In cutebacktests, the public shape is intentionally explicit:
from datetime import datetime
from cutebacktests import (
IntradayOptionsBacktestConfig,
IntradayOptionsBacktester,
get_opening_range_profile,
)
profile = get_opening_range_profile("c4_long_only_rr15")
config = IntradayOptionsBacktestConfig(
ticker="SPY",
start=datetime(2025, 1, 1),
end=datetime(2025, 1, 31),
return_trade_log=True,
**profile.to_intraday_strategy_kwargs(),
)
The concrete profile can change. The framework standards should not. A profile may be opening-range, VWAP mean reversion, dispersion, or a daily forecast overlay, but the replay rules, contract-selection policy, quote checks, and diagnostics should remain comparable.
Implementation checklist
| Check | Why it exists | Common failure |
|---|---|---|
| Point-in-time contracts | Prevents stale-contract leakage. | Selecting a contract from today's chain for a past date. |
| Signal and entry split | Prevents same-bar lookahead. | Using a completed signal bar to fill inside the same bar. |
| Quote-aware fills | Makes execution assumptions explicit. | Treating midpoint or last price as always executable. |
| Structured rejects | Turns no-trade cases into evidence. | Collapsing all skips into a generic missing-data state. |
| Daily portfolio aggregation | Measures actual calendar path risk. | Treating each symbol as a separate fake day. |
| Artifacts and manifests | Makes the run reproducible. | Publishing a result that cannot be recreated from inputs. |
Failure modes to design against
The most common framework failures are not exotic.

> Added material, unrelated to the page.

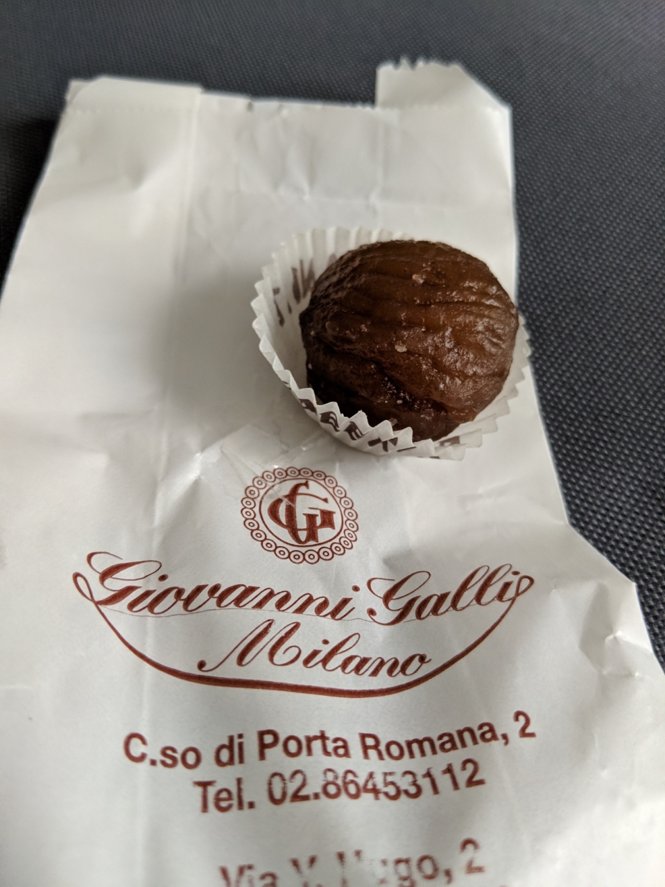 本当はお土産にしようと行ったマロングラッセの店。ミラノでは有名ということで行きました。が、紙袋に包んでくれただけだったのと、日持ちしないのとで、結局自分で食べました。大きめの栗で、日本のそれとは違いますね。甘すぎず、まぁまぁかな。

They are ordinary software boundary failures: the strategy can see one bar too much, the selector pulls a current chain, the fill model quietly changes between profile sweeps, or the report drops rejected trades because they make the summary less attractive. Each of those mistakes can make a weak strategy look more robust than it is.
The fix is to make every boundary explicit. The signal layer emits an intent. The selection layer chooses or rejects a contract. The execution layer prices or rejects the fill. The research layer evaluates the output without changing the simulator. If the result improves, the artifact should show which layer changed.
Private-to-public naming
Some early internal research code used legacy names tied to its original project history. The public extraction uses behavior-based names instead: IntradayOptionsBacktester, IntradayOptionsBacktestConfig, IntradayStrategyConfig, cutebacktests.backtest.intraday_options, and cutebacktests.strategies.intraday. Public docs should use the public names.